Additional environment variables forwarded into the agent sandbox. Default empty.

AristotleProver

class open_atp.provers.aristotle.AristotleProver(config, verification_backend)[source]

Bases: AutomatedProver

Prove by handing the whole project to Harmonic’s hosted Aristotle agent.

Generation happens over the network (submit the lake project, wait, download the result archive, unpack it over the workdir); the shared Verifier then runs the same local compile/sorry/axiom check. Network-only, so it takes just the verify backend – no agent_backend.

Examples

Build the config and construct the prover directly (network-only, so it takes just the verify backend):

>>> from open_atp.backends.docker import DockerBackend, DockerConfig
>>> from open_atp.provers.aristotle import AristotleProver, AristotleProverConfig
>>> backend = DockerBackend(DockerConfig())
>>> config = AristotleProverConfig()
>>> prover = AristotleProver(config, verification_backend=backend)
>>> prover.config.api_key_env
'ARISTOTLE_API_KEY'
config
class open_atp.provers.aristotle.AristotleProverConfig(timeout_s=1800, env=<factory>, api_key_env='ARISTOTLE_API_KEY', allow_agent_questions=False, max_connection_retries=5, max_resume_attempts=20, resume_backoff_seconds=5.0)[source]

Bases: AutomatedProverConfig

Configuration for AristotleProver.

Extends AutomatedProverConfig (timeout_s, env) with the hosted-API knobs.

Attributes:
api_key_envstr

Name of the environment variable holding the Harmonic API key.
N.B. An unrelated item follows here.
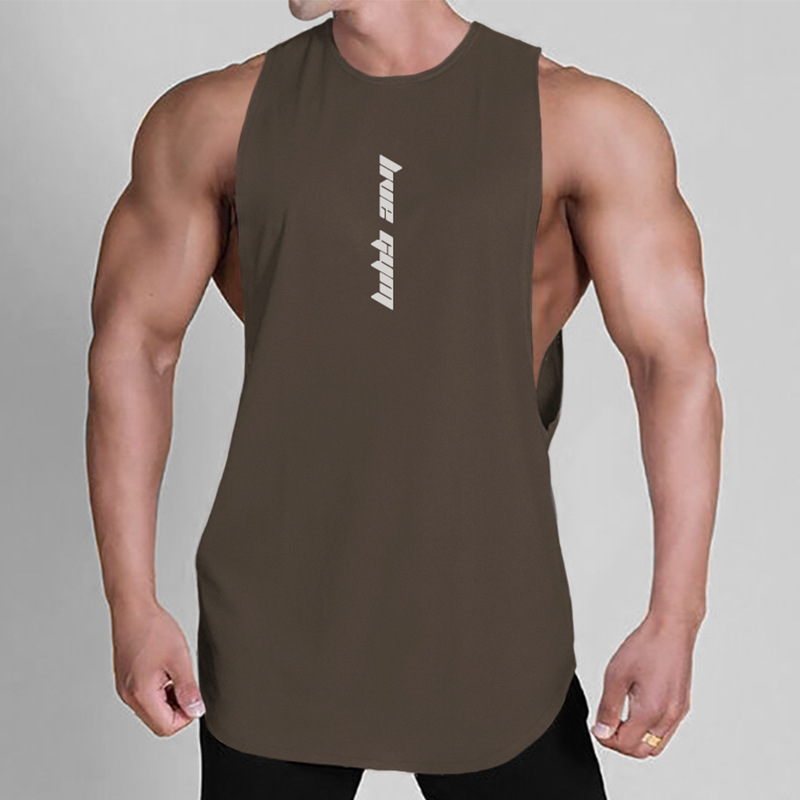 Men's summer youth oversized sports sleeveless tank top, men's trendy brand, large split cut sleeves

Default ARISTOTLE_API_KEY.

allow_agent_questionsbool

Whether to let the hosted agent ask clarifying questions. Off by default: this is a headless API path and a prompt for stdin would hang the run.

max_connection_retriesint

Bounds per-call retries (list/refresh/download) when a connection drops. The hosted run lives server-side, so a dropped connection is recoverable: re-fetch rather than reporting the run failed. Default 5.

max_resume_attemptsint

Bounds how many times we re-attach to the event stream when it drops mid-run. Default 20.

resume_backoff_secondsfloat

Initial sleep between retries/resumes, doubling (capped) between tries. Default 5.0.